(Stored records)
==*==

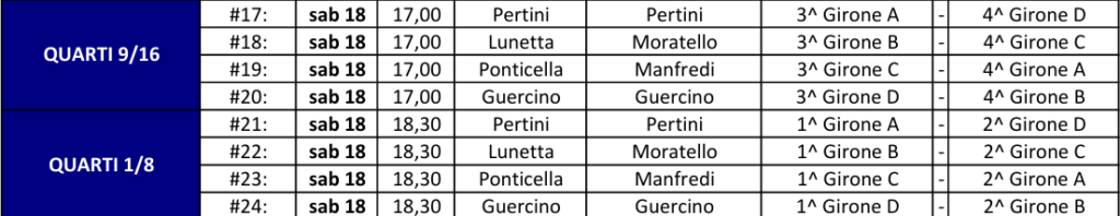 A seguire, la fase ad eliminazione diretta, così organizzata:
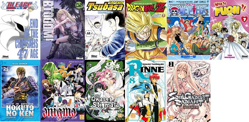 De l’éditeur Glénat : Bleach : Tome 47,  Btooom : Tome 2, Captain Tsubasa : Tome 12, Dragon Ball Z – Cycle 5 :  Tome 3, One piece : Tome 61 et Who is Fuoh ?! : Tome 7
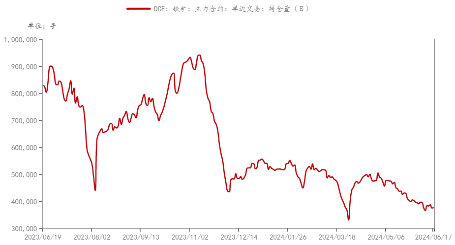 截至6月14日,铁矿2409合约持仓375774手,较上一周增2.6%。
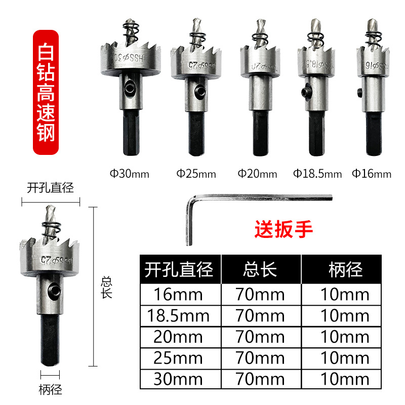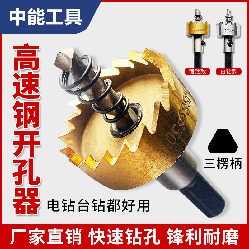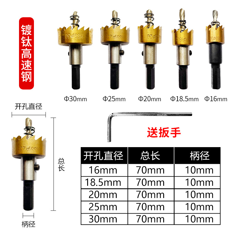 5件套高速钢镀钛锯齿开孔器金色铝板铁板打孔钻头16-30mm开孔器
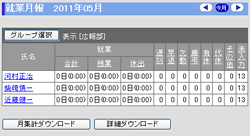 就業状況の月度単位の集計結果が表示されます。
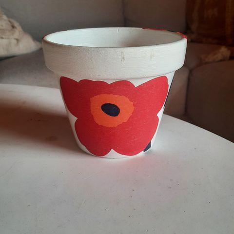Myynnissä on Marimekon unikkokuviota muistuttavasti maalattu kukkaruukku.
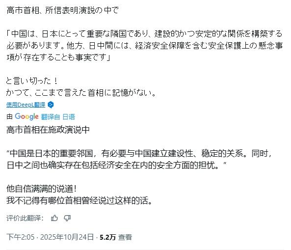 不表演极端了?高市早苗施政演讲:中国是日本重要的邻国 截至目前,高市早苗上任后的言论,主打一个“低调中庸”。 24日高市早苗发表了施政演说,介绍她担任首相后的政治纲领。 其中在外交与安全政策方面,高市早苗闭口不谈之前的“台湾有事就是日本有事”,而是表示中国是日本重要的邻国,日方致力于构建建设性、稳定的中日关系,并继续保持坦诚对话,全面推进中日战略互惠关系。 当然了,也不能说高市早苗一点都没提“中国威胁论”,但即使在这个话题上,她只是蜻蜓点水地提了一句“日方对中俄朝的军事动向感到担忧”、“中日之间确实存在经济与安全关切”——然后就没有然后了。 对于高市早苗的转变,之前我们就说过,她的那些极端言论只是迎合极右翼群体的表演而已,既然现在已经当上首相了,自然也就不用继续再演下去。 我们看了一眼日媒的评论区,反正某些日本极右翼网友对高市早苗如今的对华立场挺破防的,纷纷表示自己白支持高市早苗了。 应该说,这也反映了票选政治的一个弊端:这帮日本极右翼上次就被参政党耍了一次,居然还不长记性,真以为高市早苗当上首相后会践行她的极端口号。
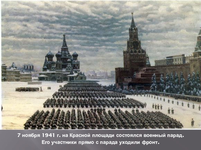 Слайд 157 ноября 1941 г. на Красной площади состоялся военный парад.
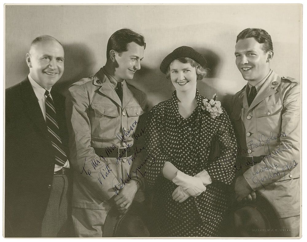 Vintage matte-finish 13.5 x 10.75 Malcolm F. C. Bulloch photo of Young with a few friends, signed and inscribed in fountain pen, “To Mr. & Mrs. Johnson, With sincere best wishes, Robert Young,” and also signed and inscribed by Gordon Jones. In fine condition, with a few trivial creases and imprints.
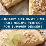 The perfect garnish can turn a great dessert into a memorable one. For this Coconut Lime Tart Recipe, whipped cream is the classic choice, adding light, airy sweetness that balances the tangy filling. Toasted coconut flakes not only provide texture but intensify the coconut flavor, making every bite a delightful experience. For an extra pop, you might add thin lime slices or fresh mint leaves to brighten the presentation.
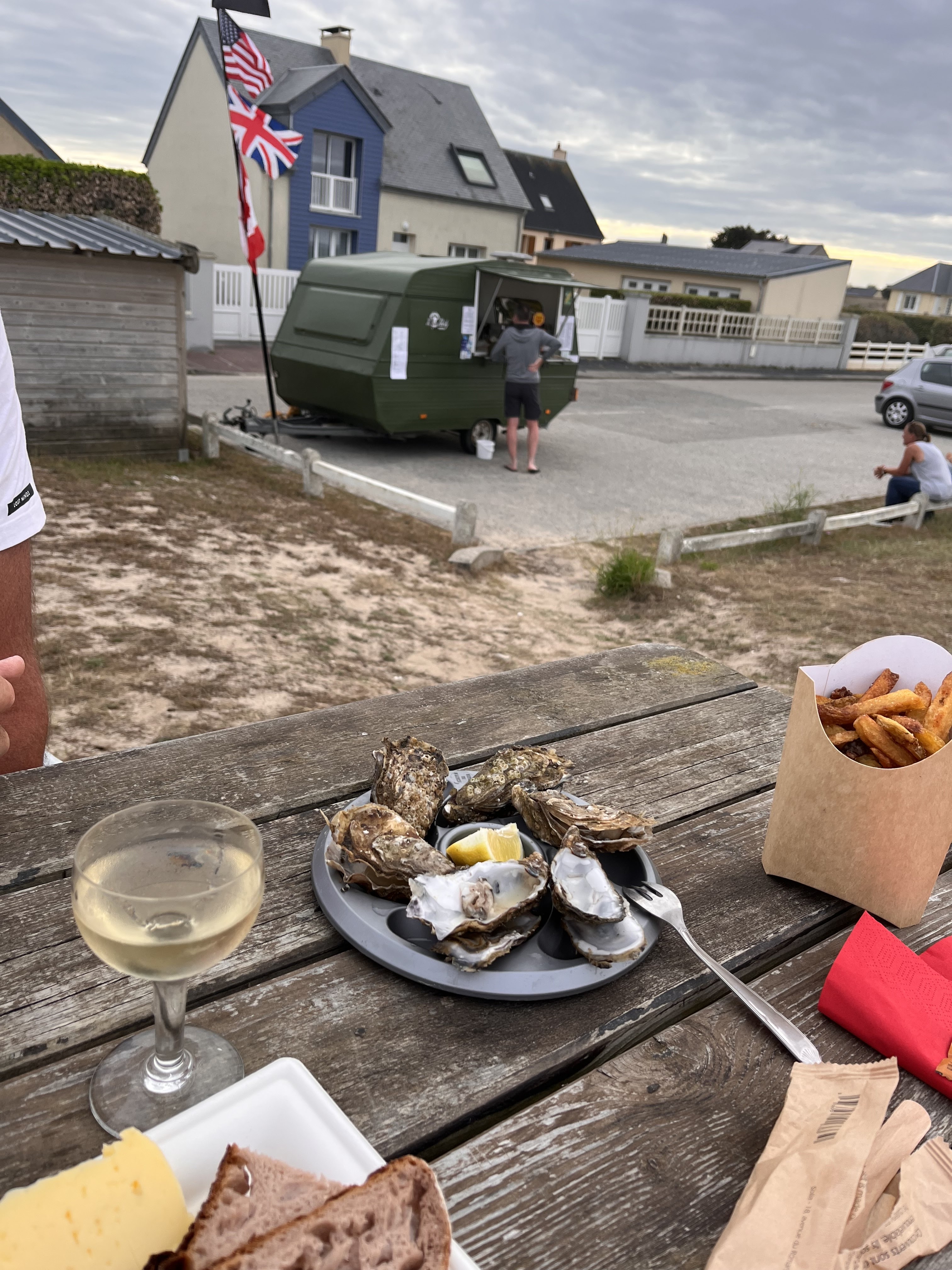 Arrêt improvisé à cette baraque à frites (maison). Accueil sympathique et dégustation d'huîtres face à la mer. Que des produits locaux et bio, what else ?
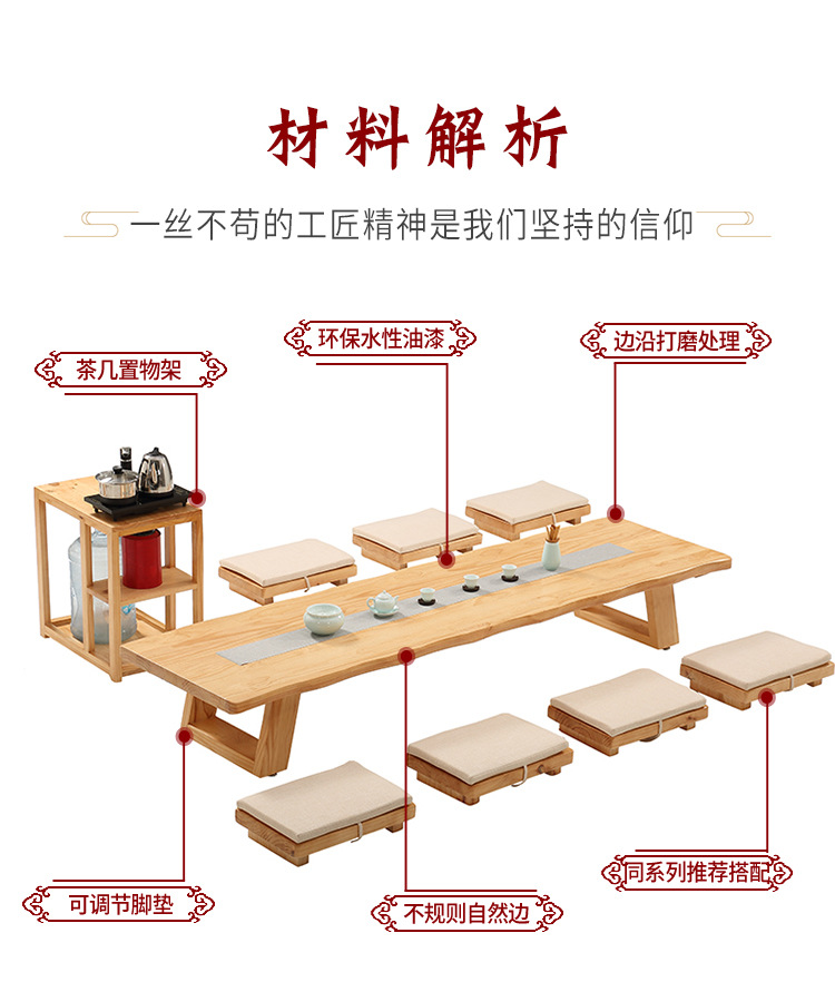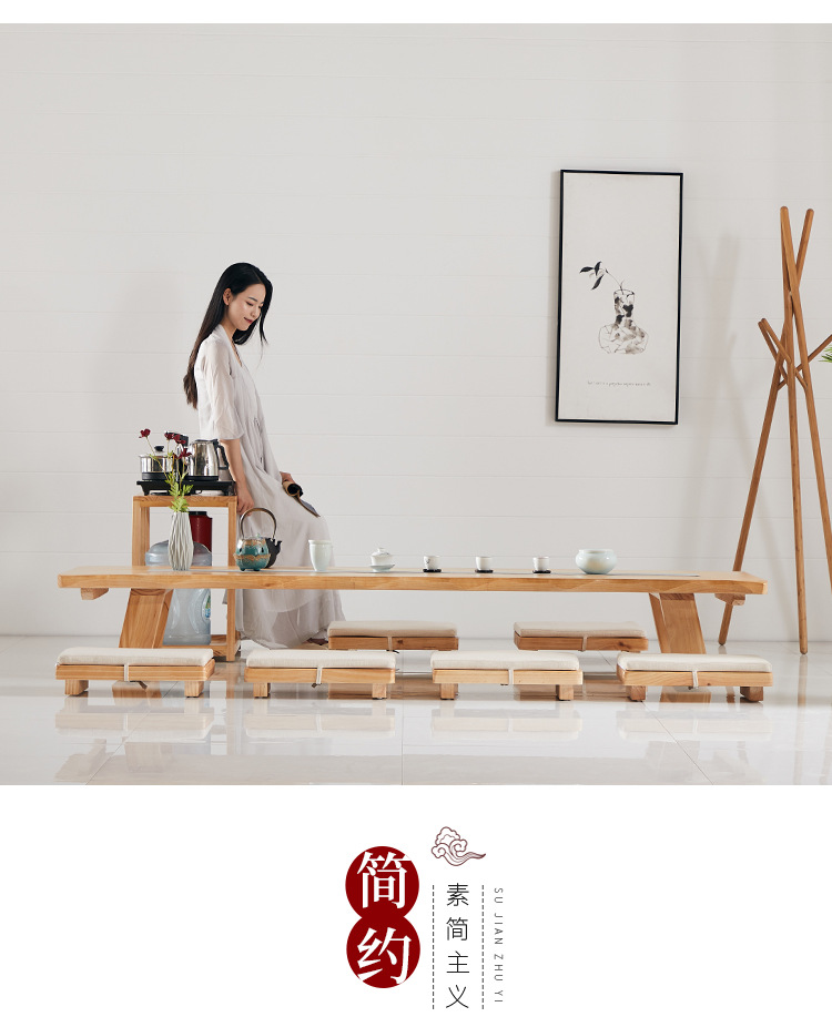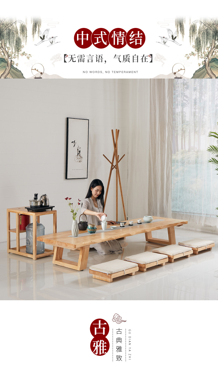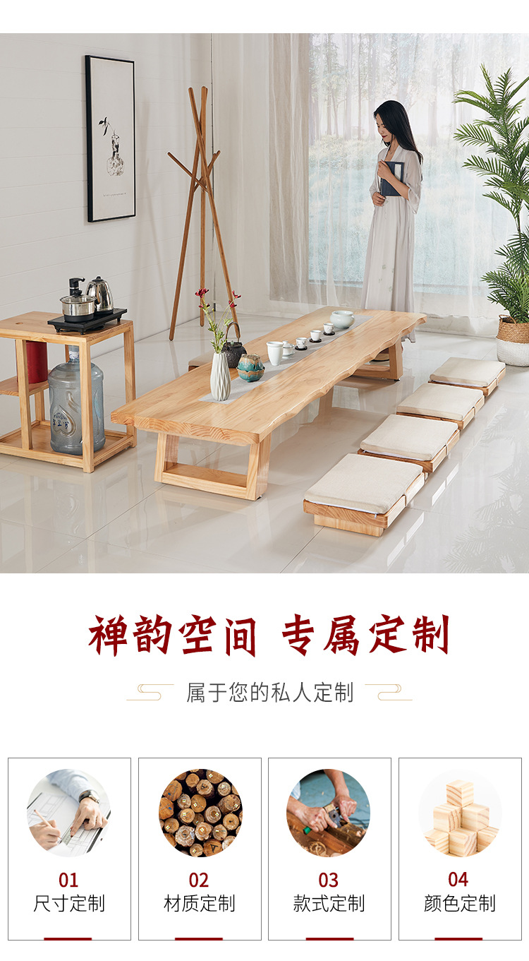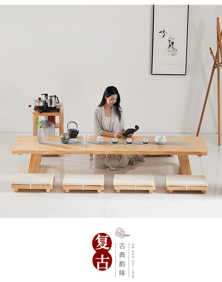 Bộ bàn ghế uống trà kiểu Nhật Bàn trà tatami phong cách Nhật Bản bàn cà phê gỗ cứng Zen

==*==

● **EXERCISE BRIEF**:
With the pictures left out, write out exactly the lines above from the one containing "Vintage matte-finish 13.5" through the one containing "The perfect garnish".

● **ANSWER AREA**:
 Vintage matte-finish 13.5 x 10.75 Malcolm F. C. Bulloch photo of Young with a few friends, signed and inscribed in fountain pen, “To Mr. & Mrs. Johnson, With sincere best wishes, Robert Young,” and also signed and inscribed by Gordon Jones. In fine condition, with a few trivial creases and imprints.
 The perfect garnish can turn a great dessert into a memorable one. For this Coconut Lime Tart Recipe, whipped cream is the classic choice, adding light, airy sweetness that balances the tangy filling. Toasted coconut flakes not only provide texture but intensify the coconut flavor, making every bite a delightful experience. For an extra pop, you might add thin lime slices or fresh mint leaves to brighten the presentation.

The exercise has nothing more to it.